Reported: 2015-11-17 10:00 EST by Shira Maximov
Modified: 2016-11-30 20:16 EST (History)
20 users (show)

See Also:
Fixed In Version: qemu-kvm-rhev-2.5.0-1.el7
Doc Type: Bug Fix
Doc Text:
Story Points: ---
Clone Of:
: 1284775 1285337 (view as bug list)
Environment:
Last Closed: 2016-11-07 16:37:12 EST
Type: Bug
Regression: ---
Mount Type: ---
Documentation: ---
CRM:
Verified Versions:
Category: ---
oVirt Team: ---
RHEL 7.3 requirements from Atomic Host:
Cloudforms Team: ---


Attachments (Terms of Use)
too much memory (13.94 KB, image/png)
2015-11-17 10:00 EST, Shira Maximov
no flags Details
vdsm_logs (19.51 MB, text/plain)
2015-11-19 05:03 EST, Shira Maximov
no flags Details
vdsm logs (14.53 MB, text/plain)
2015-11-23 07:48 EST, Shira Maximov
no flags Details


External Trackers
Tracker ID Priority Status Summary Last Updated
IBM Linux Technology Center 133676 None None None Never

  None (edit)
Description Shira Maximov 2015-11-17 10:00:54 EST
Created attachment 1095502 [details]
too much memory

Description of problem:
when vm memory is set to 61GB for example, the VM can't start

Version-Release number of selected component (if applicable):
 Red Hat Enterprise Virtualization Manager Version: 3.6.0.3-0.1.el6 

How reproducible:
100&

Steps to Reproduce:
1.(have a ppc env and host with at least 60 GB memory ) create vm with 2 GB make sure the vm is running 
2.shutdown the vm and set the memroy to 60 GB
3. try to run the vm 

Actual results:
the vm can't run

Expected results:
the vm should run 

Additional info:
print screen is attached
Comment 1 Michal Skrivanek 2015-11-18 06:18:07 EST
the screenshot's memory layout seems to indicate 8GB? not sure if ram_top is the right thing to look at...if it is, shouldn't it be enough anyway?
David, thoughts?
Comment 2 Yaniv Kaul 2015-11-18 14:18:43 EST
Shira - is this a RHEV or KVM bug? 
Does it work with smaller sizes?
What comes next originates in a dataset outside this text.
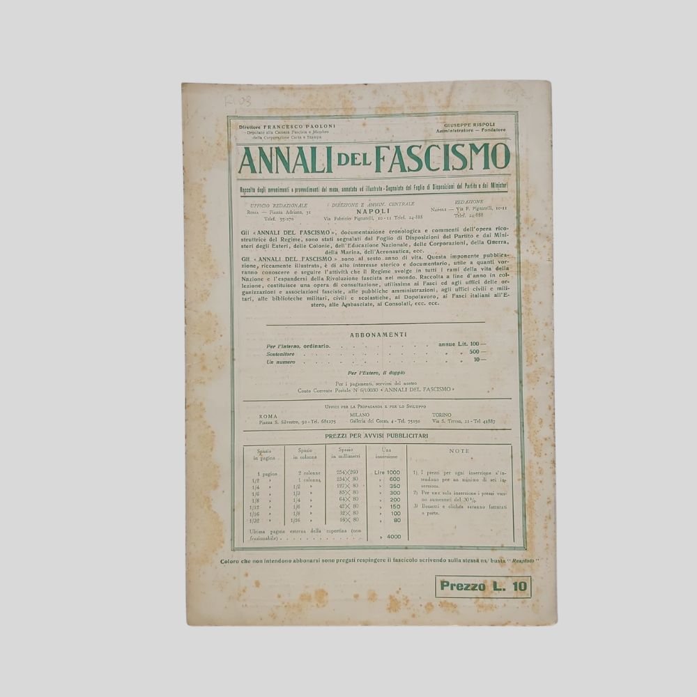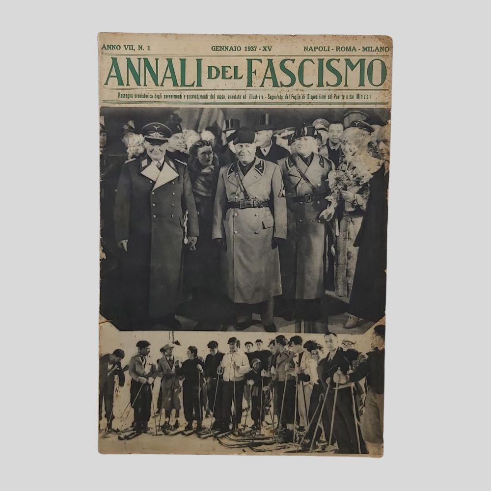 Anno VII, n. 1 gennaio. Anno VII. In-8 (cm 21), pp. 107, con illustrazioni intercalate in bianco e nero. Tracce d’uso e qualche insignificante fioritura. La vita del P.N.F., Nazione Militare e Forze Armate, Educazione della Gioventù, Rapporti internazionali, Colonizzazione imperiale dell’Africa italiana, Economia, Finanza, Demografia, movimento sindacale, ordinamento corporativo, Il Regime per il popolo, Opere del Regime, Scienza Cultura, Arte, Tecnica, Pagine di Storia, Recensioni librarie. Con numerose inserzioni pubblicitarie.

How small?
Where is the VDSM log, to at least see the command line used to launch the VM?
Comment 3 David Gibson 2015-11-18 19:21:04 EST
There's not much I can tell from that screenshot alone.  An awful lot happens between "Returning from prom_init" and the next message.

The messages do seem to show 8GiB of RAM, which should be fine.
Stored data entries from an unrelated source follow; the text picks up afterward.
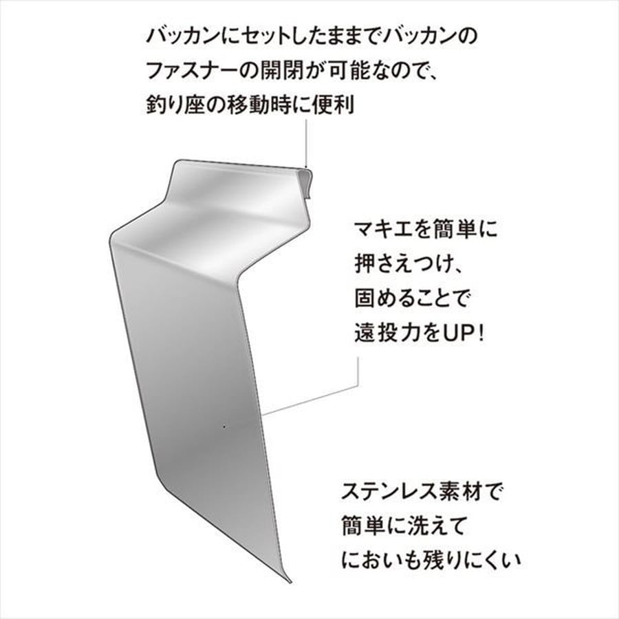 実釣から導き出したボード角度!マキエを簡単に押さえつけ、固めることで遠投力をUP!ボードを角度付きにするでマキエを押さえつける時の腕の負担を軽くし、疲れにくい。バッカンにセットしたまま、バッカンのファスナーの開閉が可能なので、釣り座の移動時に便利。ステンレス素材で簡単に洗えてにおいも残りにくい。
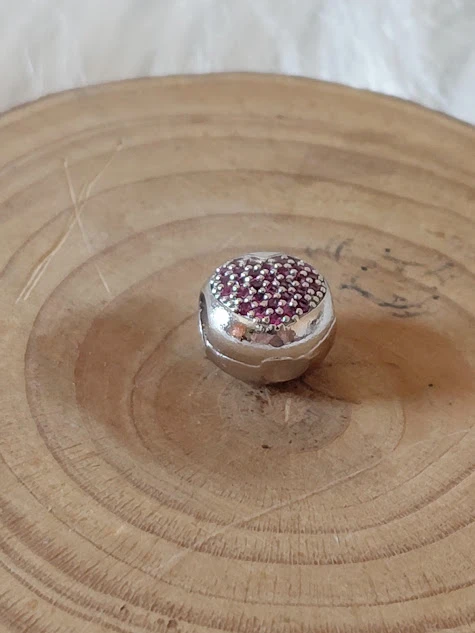Pingente cravejado com design inspirado Pandora, oferece elegância discreta e versatilidade para colares e pulseiras, ideal para complementar looks formais ou casuais.
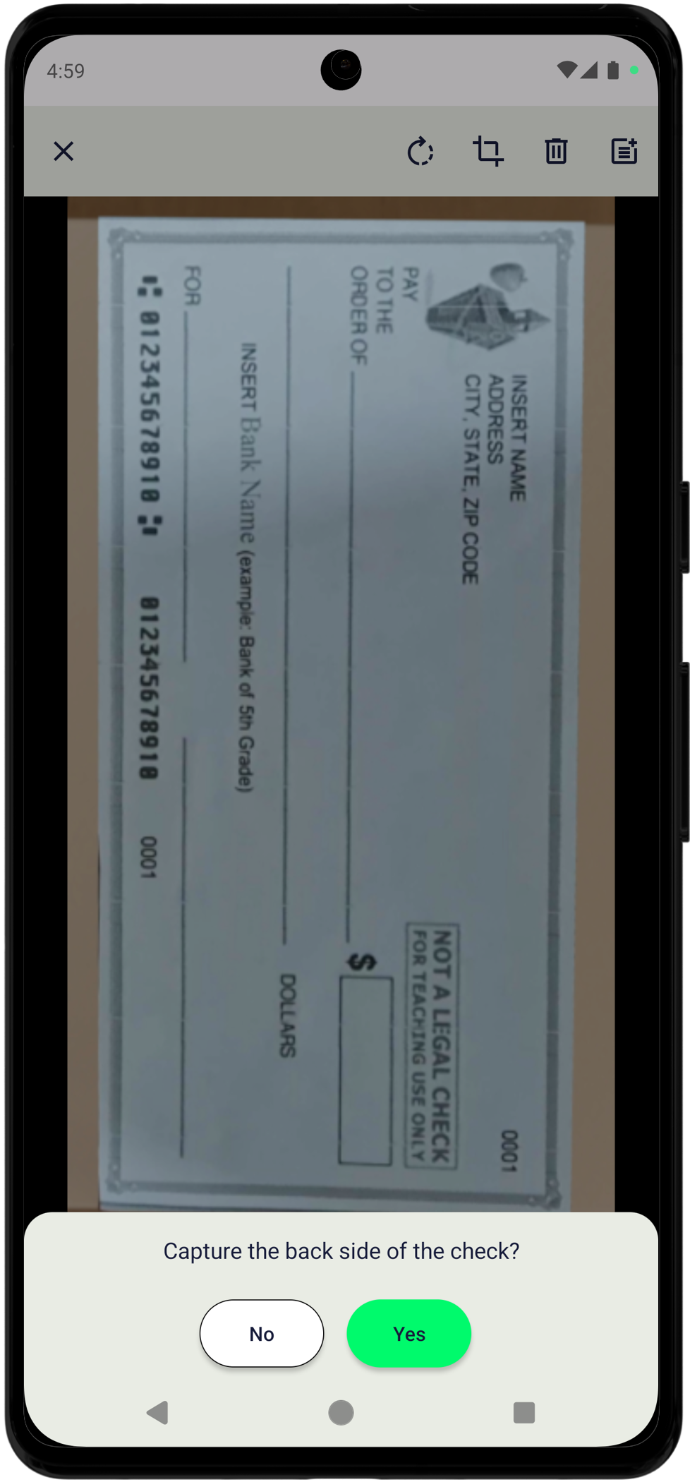 Privacy - Camera Usage Description= "Scan checks for deposit processing"Privacy - Photo Library Additions Usage Description= "Back up check images in your photo gallery"Privacy - Photo Library Usage Description= "Choose check images to process from your photo gallery"
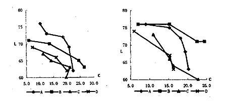 采用CIE1976 Lab颜色系统对采集的数据进行处理,C*ab=[(a*)2+(b*)2]1/2
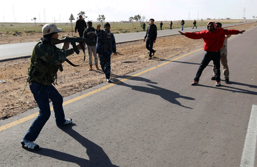 กองกำลังทหารกัดดาฟี เข้าสกัดกั้นแรงงานข้ามชาติ กว่า 30,000 คน ที่กำลังอพยพออกจากประเทศ พร้อมต้อนกลับเข้ากรุงตริโปลี เพื่อใช้แรงงาน
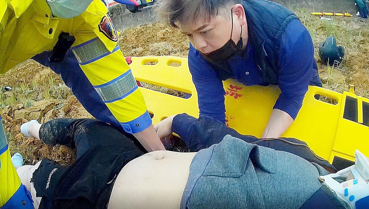 ▲桃市義消總隊平鎮中隊復旦分隊隊員黃章珷(左一)2月底下班途中遇到車禍,秒調頭協助解救傷患。(圖/桃市消防局提供)

A copy of the qemu command line for the failing run would probably be more useful.
Comment 4 Shira Maximov 2015-11-19 05:03 EST
Created attachment 1096575 [details]
vdsm_logs

the accurate size of the vm is : 62464 MB ( you can search the logs this string) 

you can also look at this automation run and download the other logs :
https://rhev-jenkins.rhev-ci-vms.eng.rdu2.redhat.com/view/3.6_Dev/job/3.6-GE-compute/412/
Comment 5 Shira Maximov 2015-11-19 05:08:44 EST
Yaniv,

1. VM can run on smaller memory sizes ( for example 4G)
2. I attached the vdsm logs now
3. i can't find the command now, i will reproduce the bug and post the command as soon as i will have the PPC env again
Comment 6 Shira Maximov 2015-11-19 06:40:47 EST
Update -
I tried to reproduce the bug again of different PPC environment, and this time the VM succeeded to run. 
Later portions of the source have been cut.